The relay processor 42 may be designed to do not only protocol conversion of signals,
but also protocol conversion of data contained in the signals.
[0028] In so doing, the relay processor 42 performs processing to transmit a signal for,
for example, polling the outdoor unit 10, via the transmission line 3 and transmits
the signal to the outdoor unit 10 via the first transmission unit 31. Then, the relay
processor 42 processes data contained in a signal transmitted from the outdoor unit
10 and stores the data in the data storage unit 33. Also, the relay processor 42 performs
processing to transmit signals for polling the indoor units 20A to 20D via the transmission
lines 3 and makes the second transmission unit 32 transmit the signals. Then, the
relay processor 42 processes data contained in signals transmitted from the indoor
units 20A to 20D in response and stores the data, for example, in the data storage
unit 33. Although a case in which the transmission relay device 30 performs communication
control, including data collection, using a polling scheme is illustrated by example,
the transmission relay device 30 may conduct communication using well-known communication
control such as a token-based scheme or CSMA/CD scheme.

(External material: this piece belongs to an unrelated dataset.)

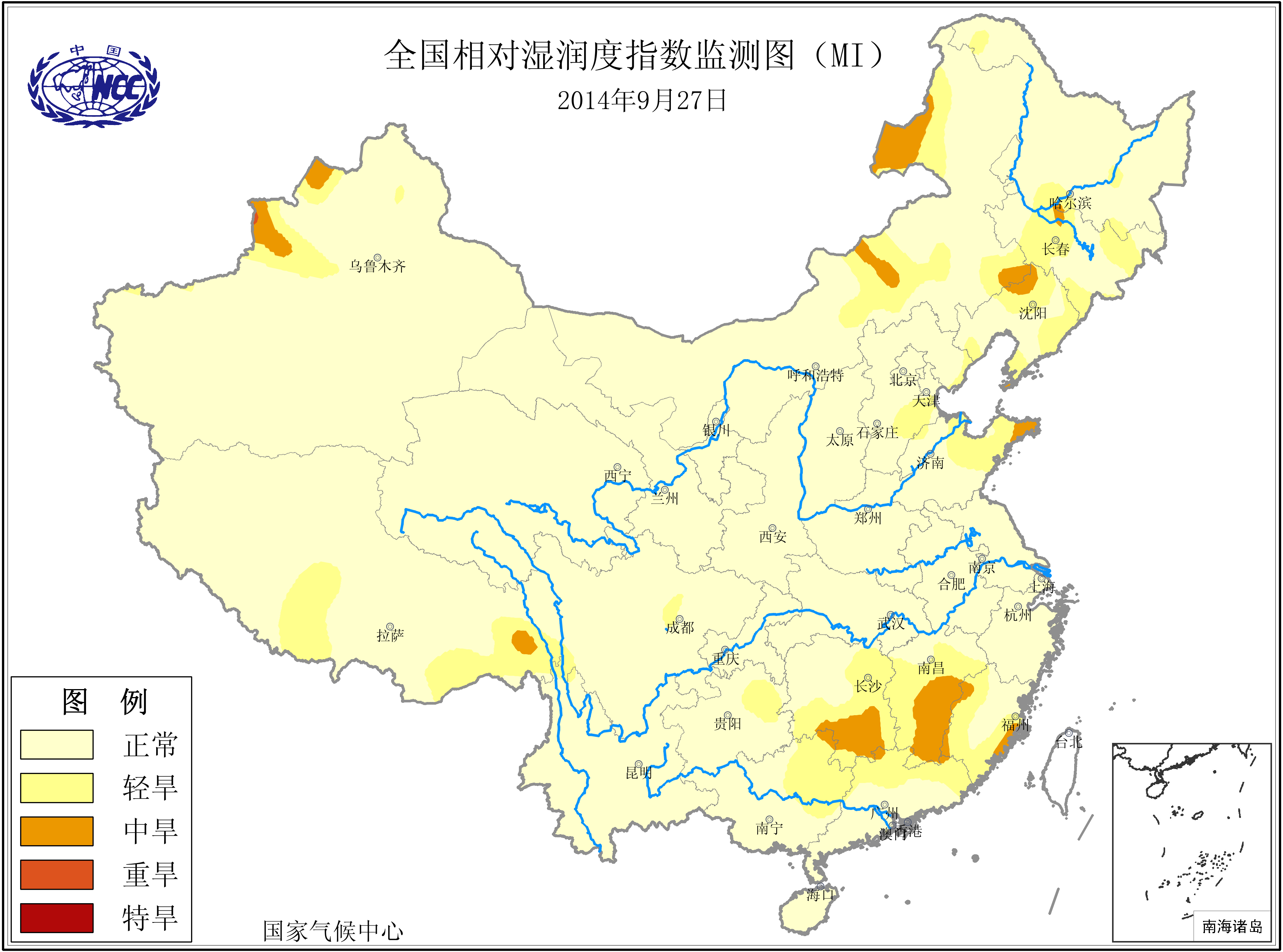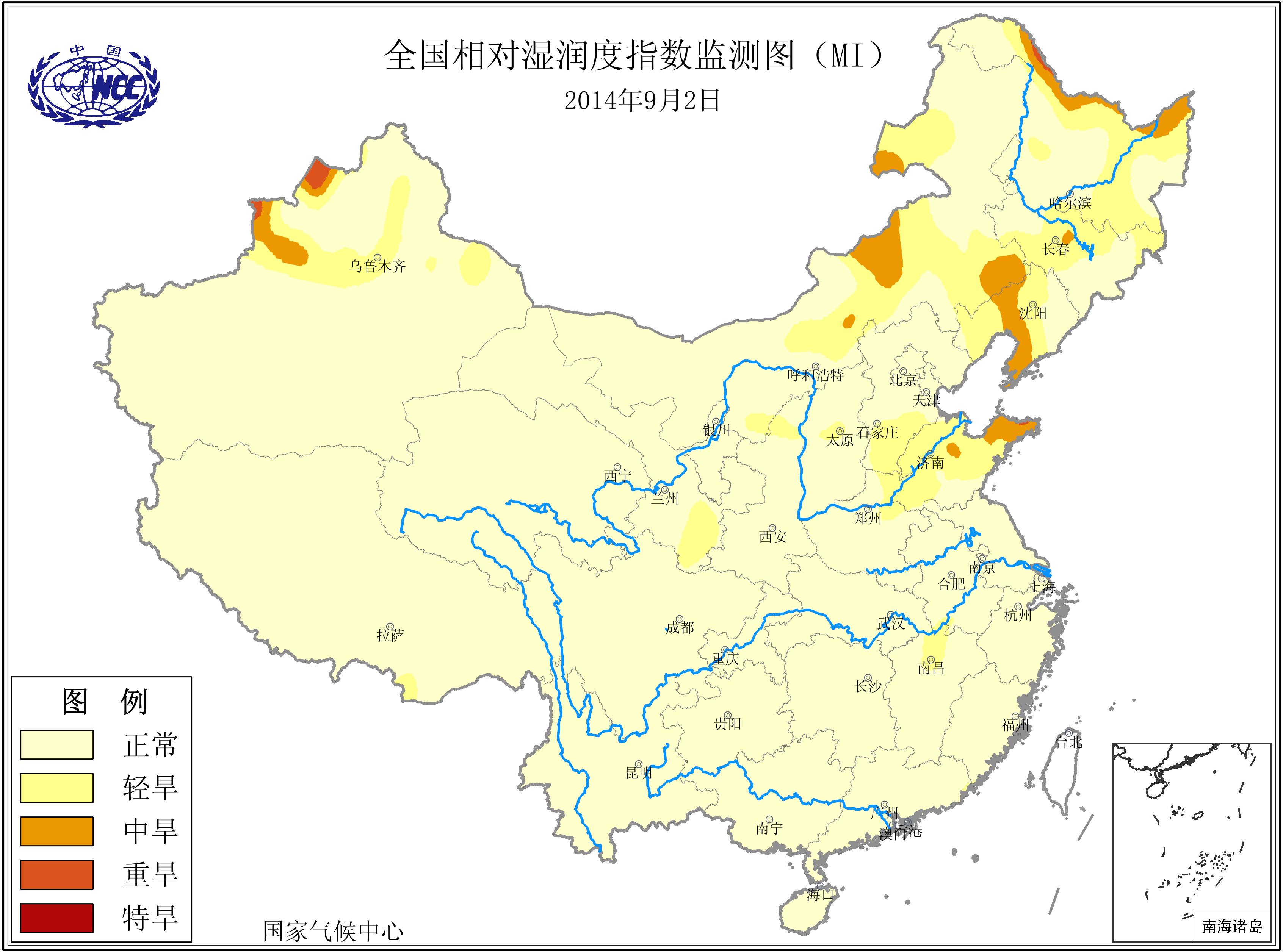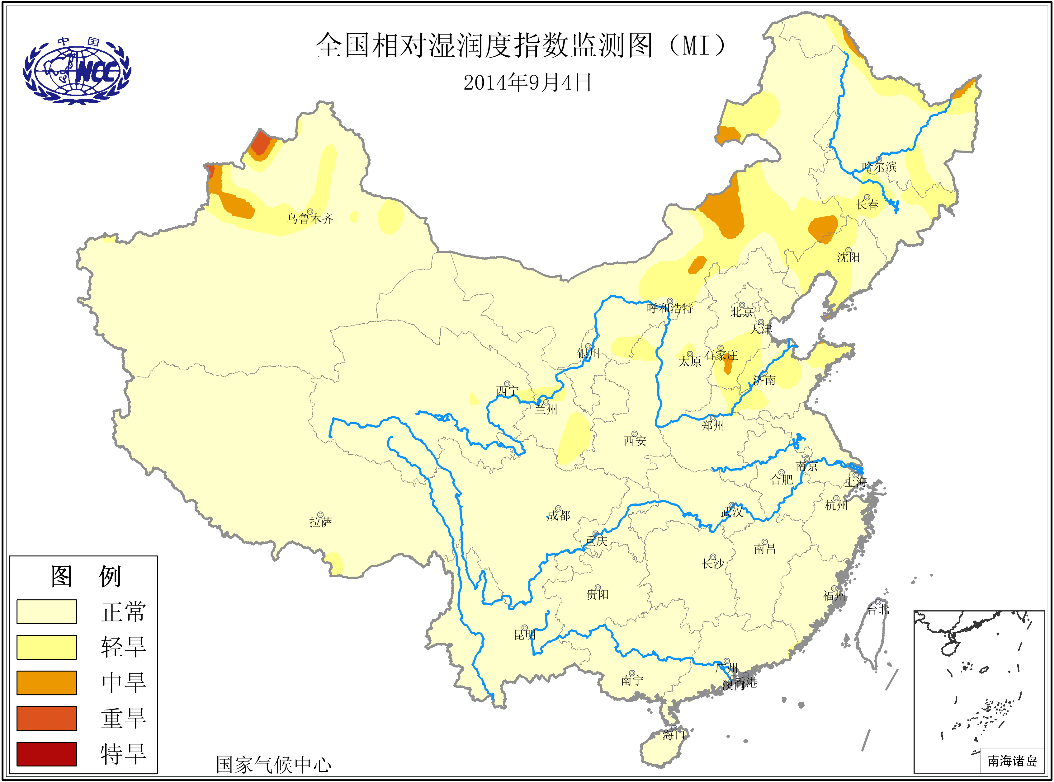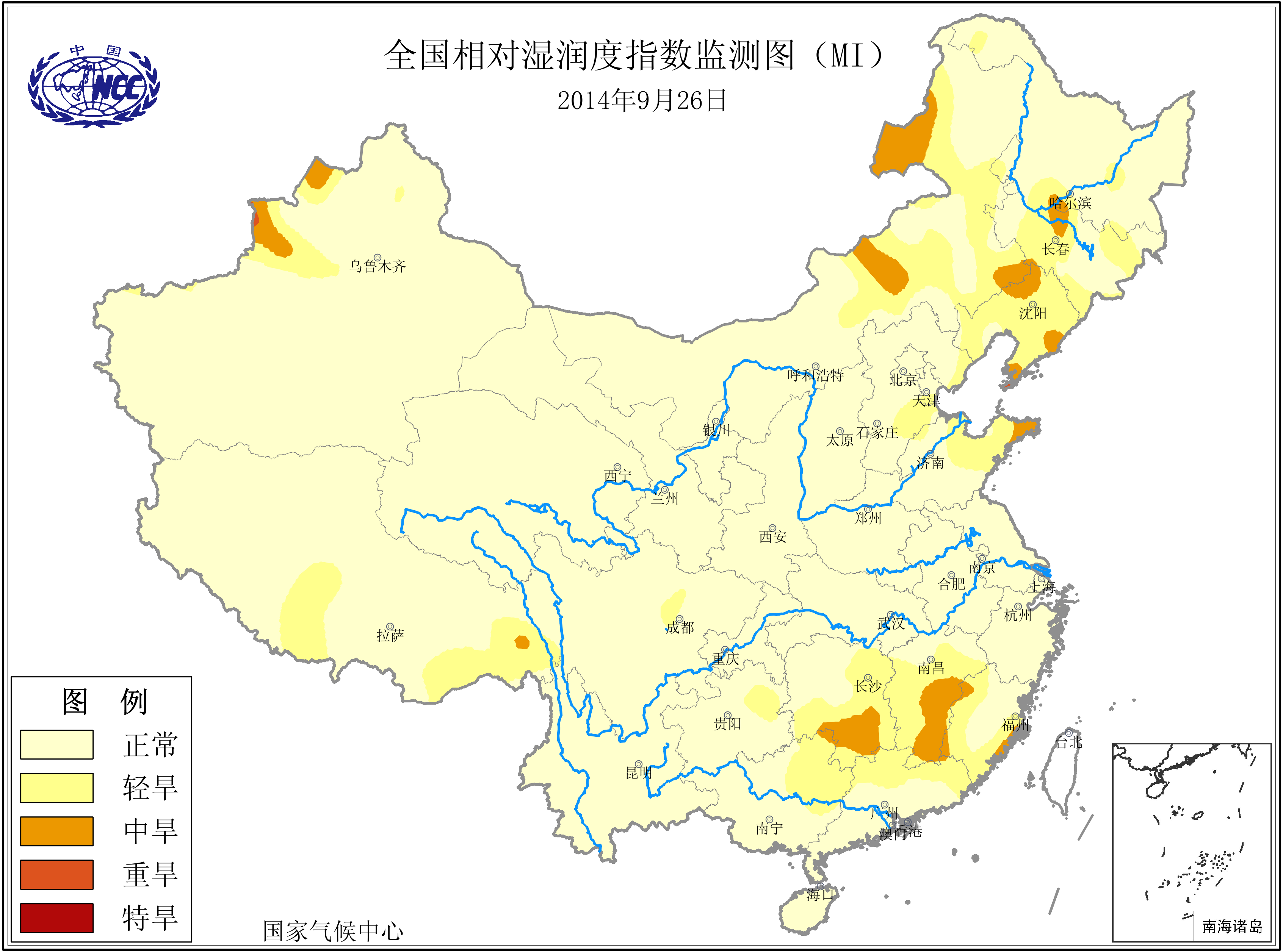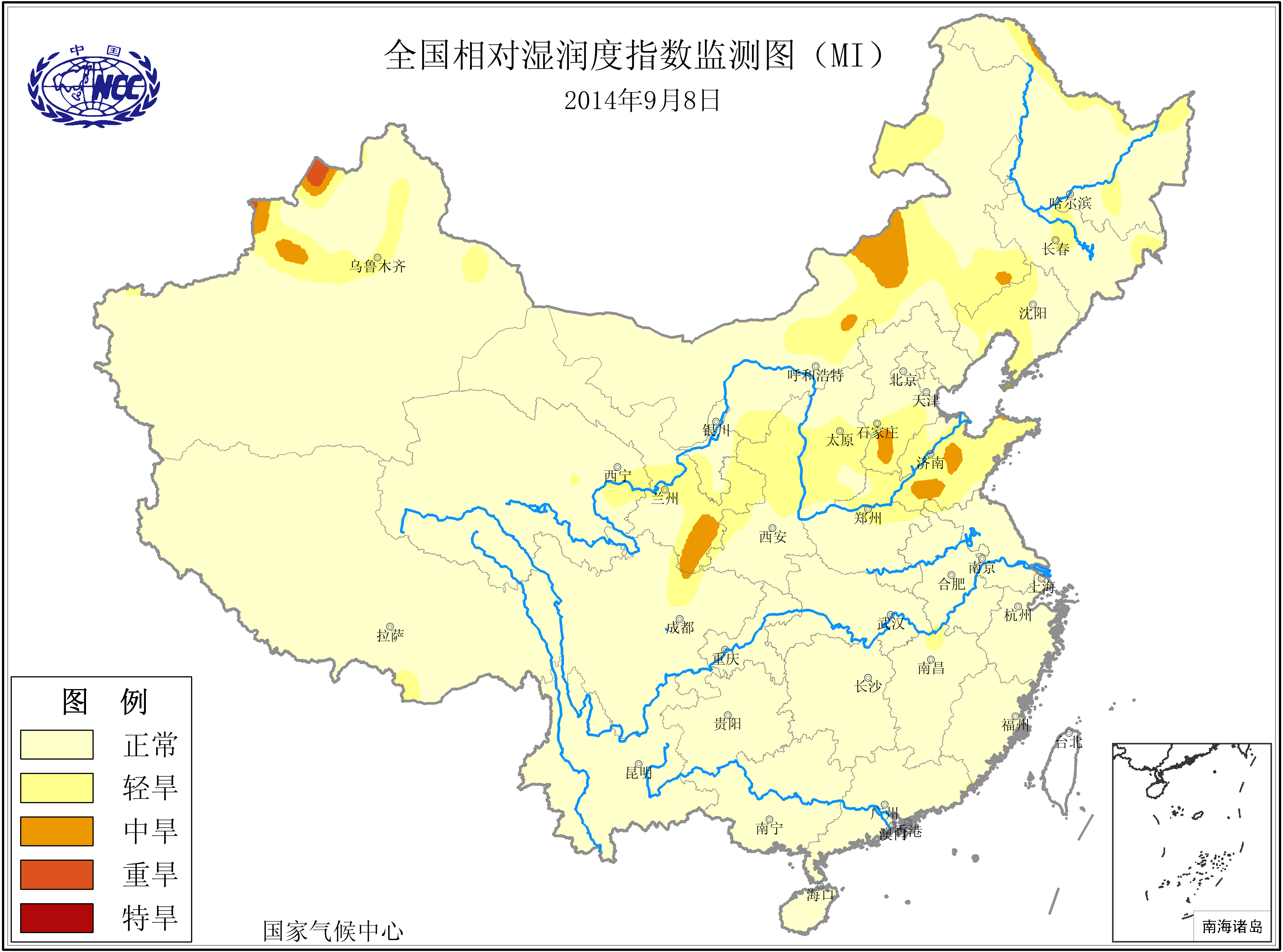 [中国](高分辨率):中国旱涝监测   [亚欧]:亚欧旱涝指数   [全球]:全球旱涝指数   [旱涝指数]:指数文件   [SPI]:SPI指数   [降水]:降水距平百分率   [土壤]:土壤相对湿度   [公报]:中国旱涝气候公报

[0029] Here, using the addresses stored in the data storage unit 33, the relay processor
42 communicates, as a virtual indoor unit VI, with the outdoor unit 10 and relays
the signal transmitted from the outdoor unit 10 to the plurality of indoor units 20A
to 20D. The relay processor 42 is designed to collect refrigerant system data, address
data of a communication system, and the operating capacities of the indoor units 20A
to 20D from the outdoor unit 10 and the indoor units 20A to 20D and stores the data
in the data storage unit 33. Although a case in which various data is collected through
communication and stored in the data storage unit 33 by the relay processor 42 is
illustrated by example, data may be stored by being entered by a user via a keyboard
or another input device.
[0030] Fig. 6 is a schematic diagram showing an example of data stored in the data storage
unit of the transmission relay device of Fig. 4. As shown in Fig. 6, the data storage
unit 33 stores a first transmission address a1 of the outdoor unit 10 connected to
the same refrigerant system A, respective second transmission addresses b2 to b5 of
the plurality of indoor units 20A to 20D, and a first transmission address a3 of the
virtual indoor unit VI. The first transmission address a1 of the outdoor unit 10 and
the first transmission address a3 of the virtual indoor unit VI belong to a first
transmission address group while respective second transmission addresses b2 to b5
of the plurality of indoor units 20A to 20D belong to a second transmission address
group. Also, as addresses of the transmission relay device 30, the data storage unit
33 stores a first transmission address a2 used in communicating with the outdoor unit
10 via the first transmission unit 31 and a second transmission address b1 used in
communicating with the plurality of indoor units 20A to 20D. Furthermore, as information
about the plurality of indoor units 20A to 20D, the respective operating capacities
of the indoor units 20A to 20D are stored. Also, the data storage unit 33 stores data
needed by the computational processing unit 40 to perform processing.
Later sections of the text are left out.